Licencia de Creative Commons
Esta obra está bajo una licencia de Creative Commons Reconocimiento-NoComercial-CompartirIgual 4.0 Internacional.

Abstract

Transcription factor NRF2 orchestrates a cellular defense against oxidative stress and, so far, has been involved in tumor progression by providing a metabolic adaptation to tumorigenic demands and resistance to chemotherapeutics. In this study, we discover that NRF2 also propels tumorigenesis in gliomas and glioblastomas by inducing the expression of the transcriptional co-activator TAZ, a protein of the Hippo signaling pathway that promotes tumor growth. The expression of the genes encoding NRF2 (NFE2L2) and TAZ (WWTR1) showed a positive correlation in 721 gliomas from The Cancer Genome Atlas database. Moreover, NRF2 and TAZ protein levels also correlated in immunohistochemical tissue arrays of glioblastomas. Genetic knock-down of NRF2 decreased, while NRF2 overexpression or chemical activation with sulforaphane, increased TAZ transcript and protein levels.
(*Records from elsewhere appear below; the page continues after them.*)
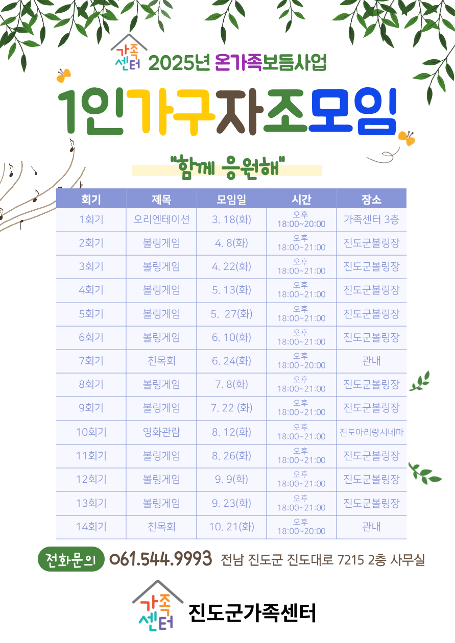 자세한 내용은 진도군가족센터 홈페이지에서 확인하시고 신청하세요~~
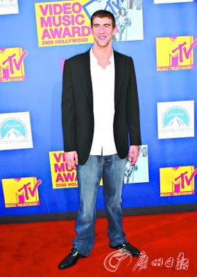 在北京奧運(yùn)會(huì)上一舉奪得8枚金牌的美國游泳運(yùn)動(dòng)員菲爾普斯昨日也出席了第25屆MTV音樂錄影帶大獎(jiǎng)?lì)C獎(jiǎng)禮;謴(fù)平常裝扮的菲爾普斯雙腿顯得出奇的短,異于常人的比例也印證了他“天生水怪”之名。
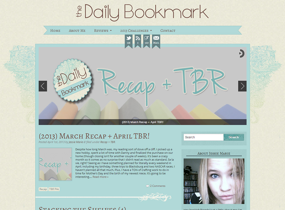 I made a custom WordPress theme for Jessie Marie at The Daily Bookmark and also have several bloggers using my pre-made WordPress themes!
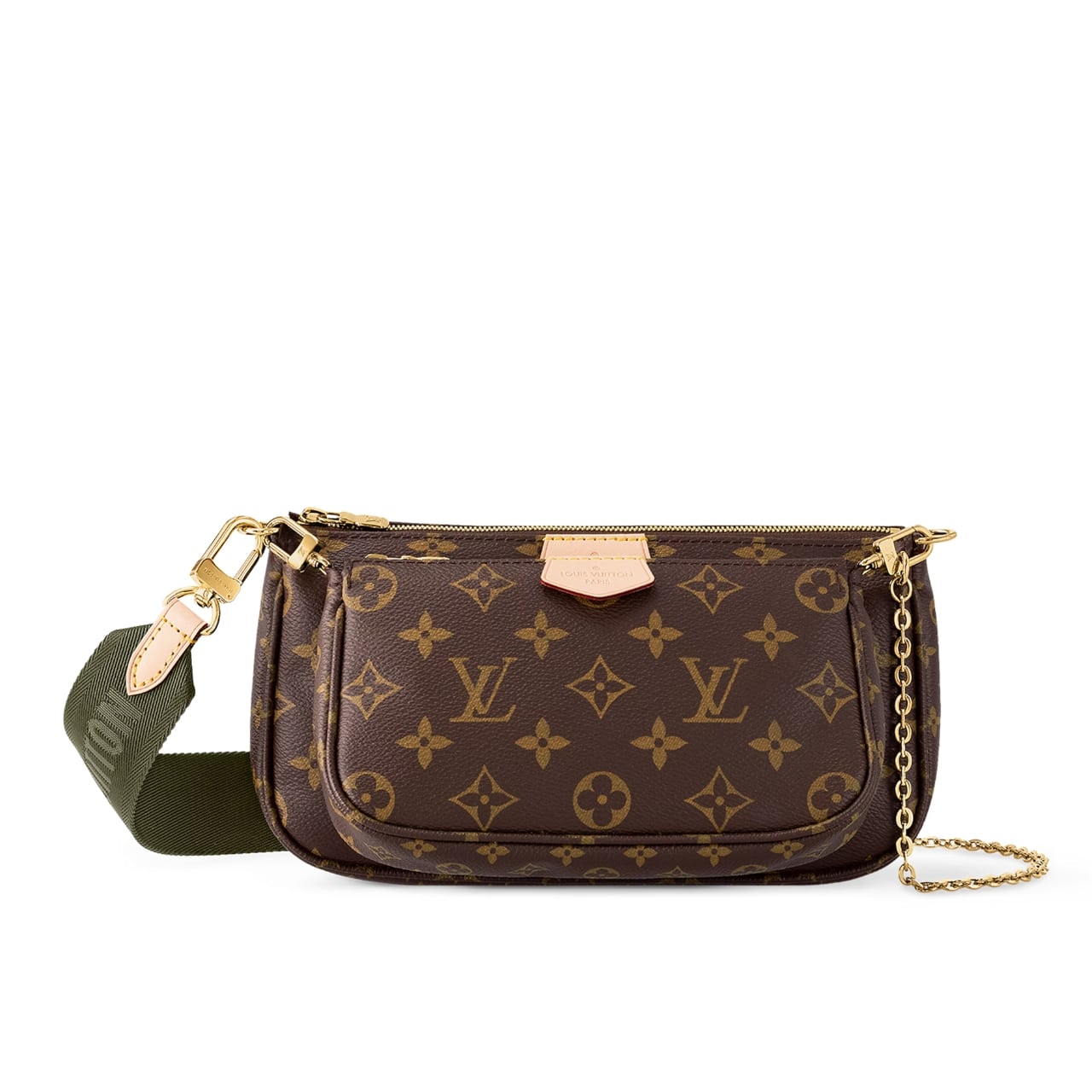 Louis Vuitton Multi Pochette Accessoires / Khaki Green / 9.4 x 5.3 x 1.6 inches / Monogram canvas / Gold-hardware / Crossbody Bag
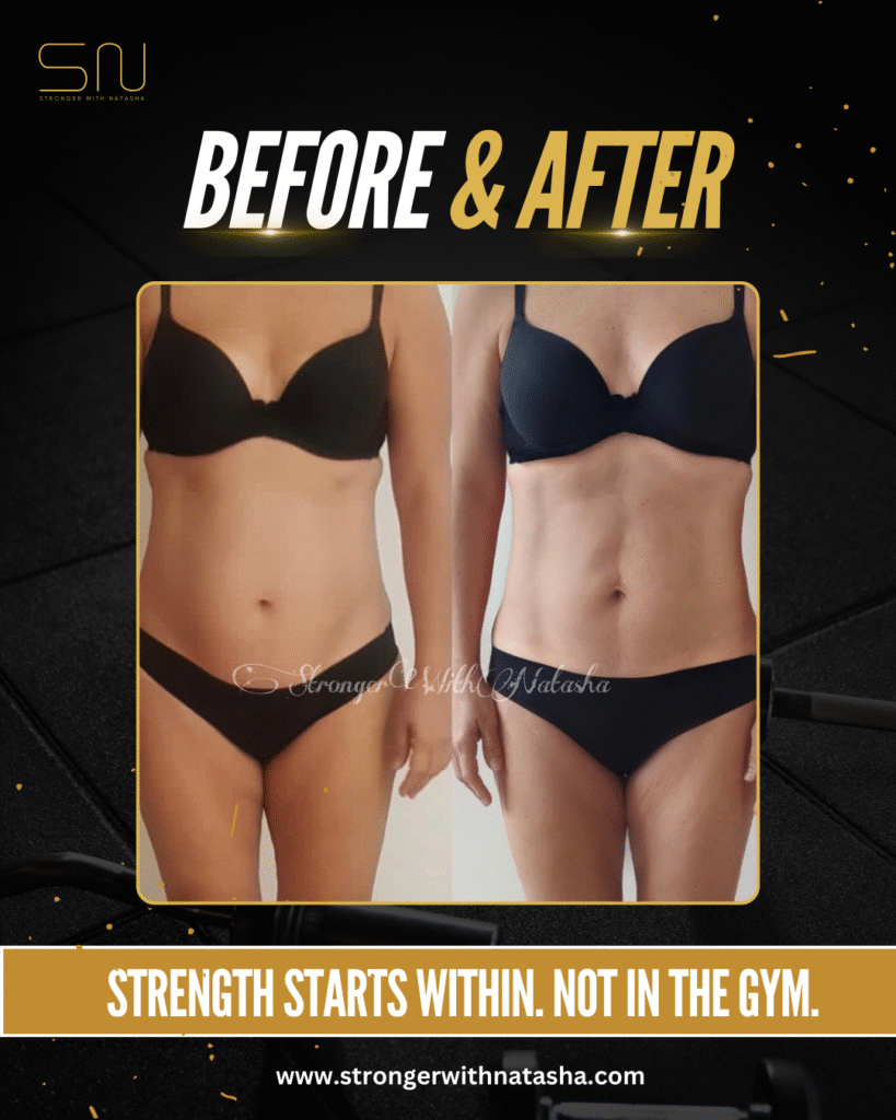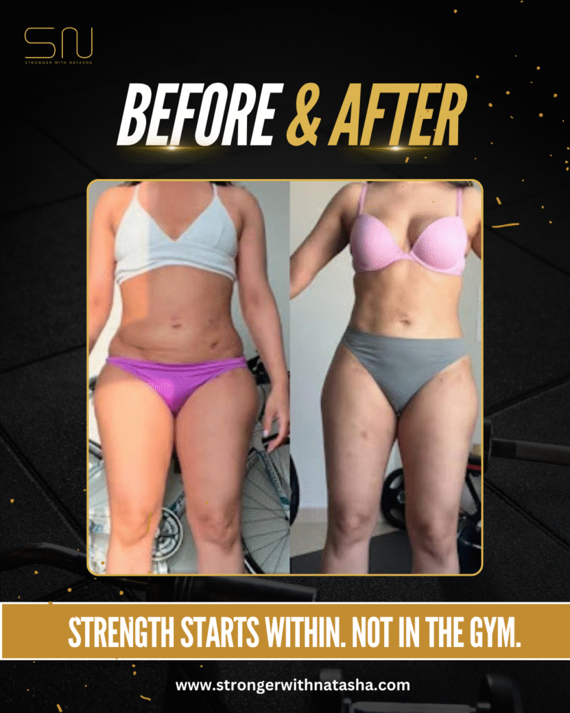 Together, we rewrote her story. We focused on mindset first — through journaling, habit-building, and a gradual shift in how she saw food and her body. Then, we rebuilt her training program: just three sessions per week, but designed specifically for body recomposition — the process of losing fat while building lean muscle.
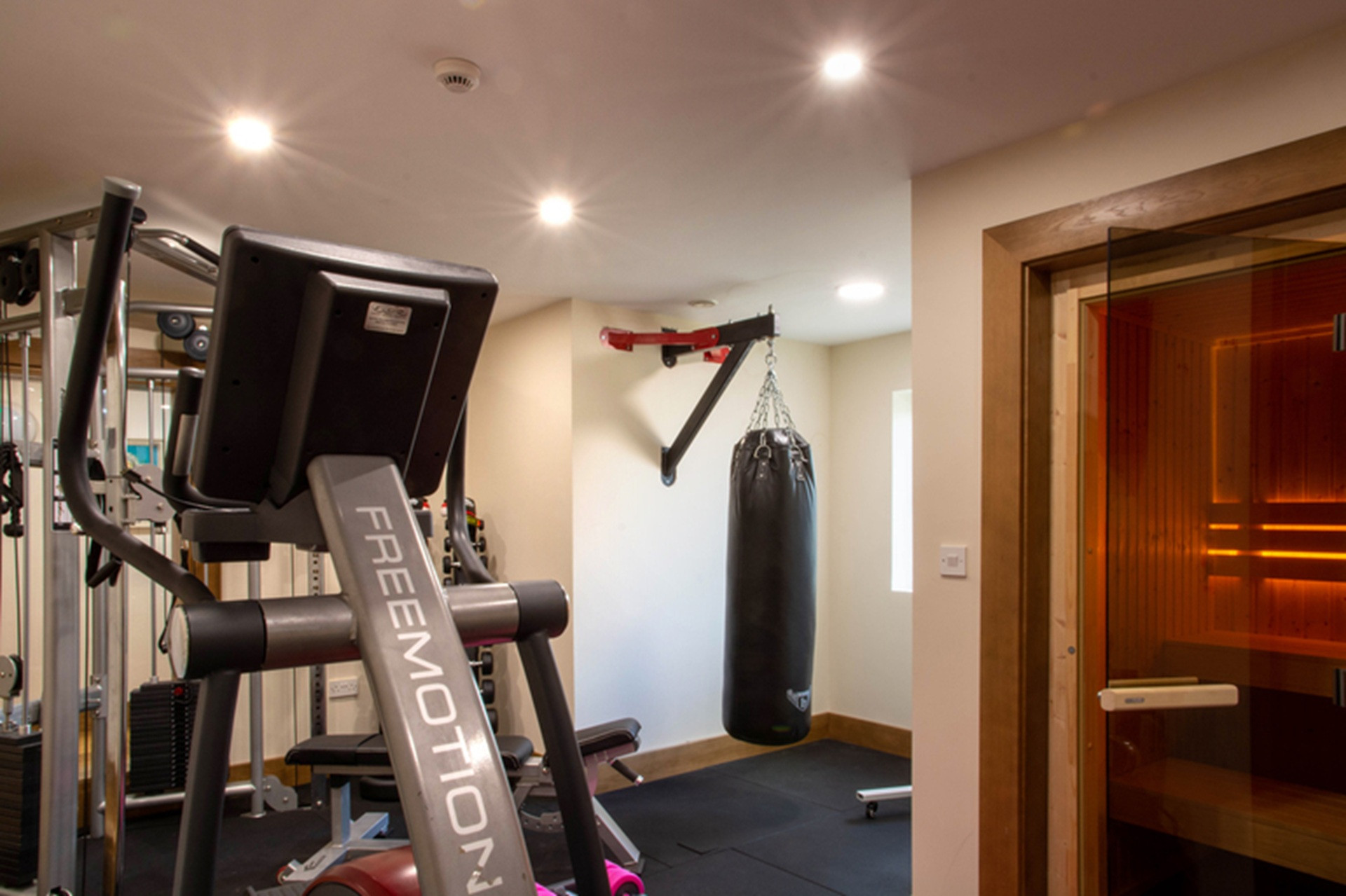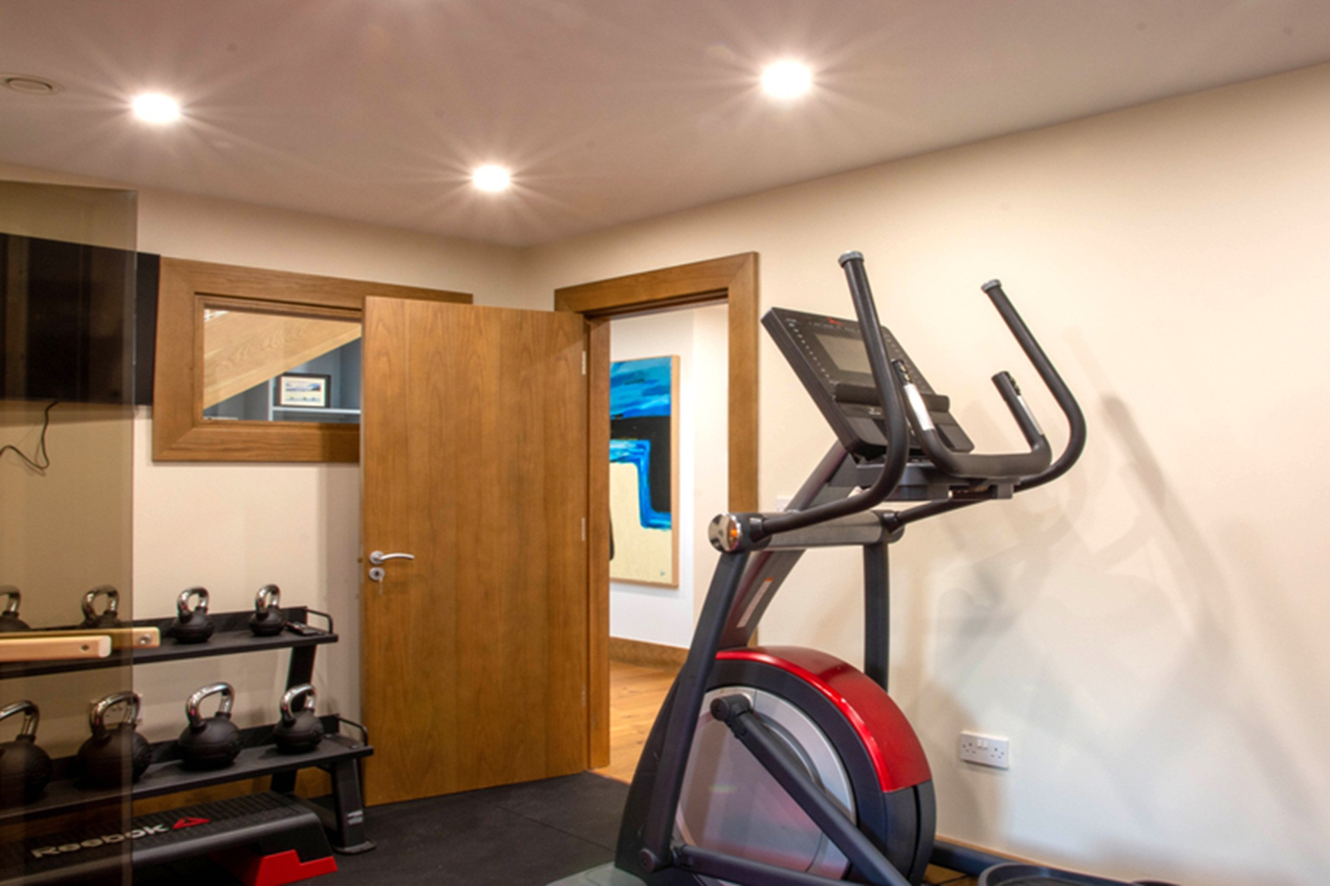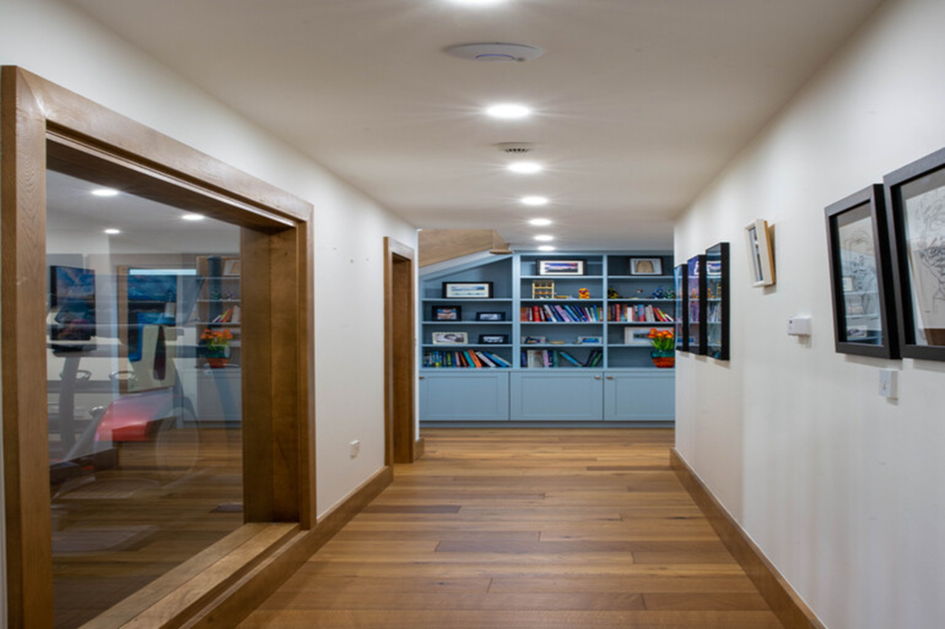 A picture window along the opposing corridor exposes the workout room with its multiple fitness machines.
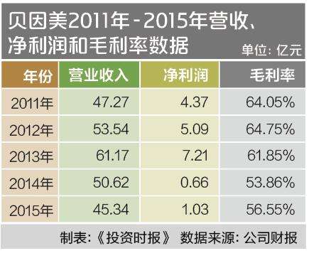 《投资时报》记者查阅贝因美上市以来历年年报发现,转折点发生在2014年。2011年上市当年,贝因美全年实现营收47.27亿元,与2010年相比增长17.34%,净利润达4.37亿元,同比增长3.49%。
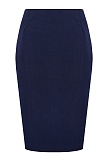 Классическая юбка из поливискозной ткани темно-синего цвета в тонкую, почти невидимую полоску, слегка зауженная книзу, на внутренней обтачке без пояса, посадка средняя, застежка на потайную молнию в среднем шве спинки, сзади шлица, длина юбки миди - до середины колена, модель на подкладке. Поливискозная ткань - смесовая ткань, в состав которой входят волокна вискозы и полиэстера. Именно полиэстер придает ткани прочность, долговечность и опрятный внешний вид.

Mechanistically, we identified several NRF2-regulated functional enhancers in the regulatory region of WWTR1. The relevance of the new NRF2/TAZ axis in tumorigenesis was demonstrated in subcutaneous and intracranial grafts. Thus, intracranial inoculation of NRF2-depleted glioma stem cells did not develop tumors as determined by magnetic resonance imaging. Forced TAZ overexpression partly rescued both stem cell growth in neurospheres and tumorigenicity. Hence, NRF2 not only enables tumor cells to be competent to proliferate but it also propels tumorigenesis by activating the TAZ-mediated Hippo transcriptional program.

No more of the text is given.